The Black Psychiatrists of America heartily endorses the Resolution against Racism and Racial Discrimination as put forward by the Committee of Black Psychiatrists and the Council of Minority Mental Health and Health Disparities.
This third season of the Liberation Film Series (LFS) is focused on Human Rights: Self-Respect, Self-Defense and Self-Determination. Each year this acclaimed, nationally supported and hard-hitting series promotes literacy, independent thought, critical analysis and informed activism.
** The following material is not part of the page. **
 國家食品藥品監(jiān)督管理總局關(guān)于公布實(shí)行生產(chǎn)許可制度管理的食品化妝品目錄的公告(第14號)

LFS thrives to engage the youth, families, the grassroots community, and scholar-activists in educational films and “community conversations” of contemporary relevance that focus on creating learning opportunities, increased clarity, and new solutions to current and emerging sociopolitical challenges.
On April 12, 1964, just over fifty years ago, Malcolm X (El Hajj Malik El Shabazz) stated: “We are fighting for recognition as human beings. We are fighting for the right to live as free humans in this society. In fact, we are actually fighting for rights that are even greater than civil rights and that is human rights.” It is in this spirit that the Liberation Film Series is offered for your full participation and edification. Spread the word.
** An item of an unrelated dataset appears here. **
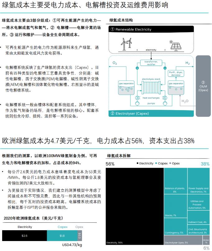 5. 2020年生產綠氫的電力成本平均為44美元/兆瓦時,占到總成本的56%,平準化度電成本在近幾年將大幅下降,之后趨于平穩。2050年電力成本預計為17美元/兆瓦時,占到生產綠氫總成本的70%,因此電力成本差異將直接導致綠氫成本存在地區性差異。

The Liberation Film Series is supported by the Charles H. Wright Museum of African American History and the Black/African Studies Departments of Michigan State University, Edwards and Jennings, P.C., National Conference of Black Lawyers, Wolverine Bar Association, Detroit Metropolitan Bar Association, University of Michigan - Dearborn, University of Michigan - Ann Arbor, Wayne State University, Eastern Michigan University, Wayne County Community College District, Oakland University, University of Massachusetts – Amherst, National Council of Black Studies, Dr. Errol Henderson (Pennsylvania State University), Media Education Foundation, The Walter P. Reuther Library – Wayne State University, Detroit Metropolitan Bar Association, Wayne State University Press, Michigan Humanities Council, community activists, and individual contributors. Charles Ezra Ferrell, a consultant to The Wright Museum, is the LFS Founder and Program Director.
All films and discussions are free and open to the public, and take place in the Museum's General Motors Theater.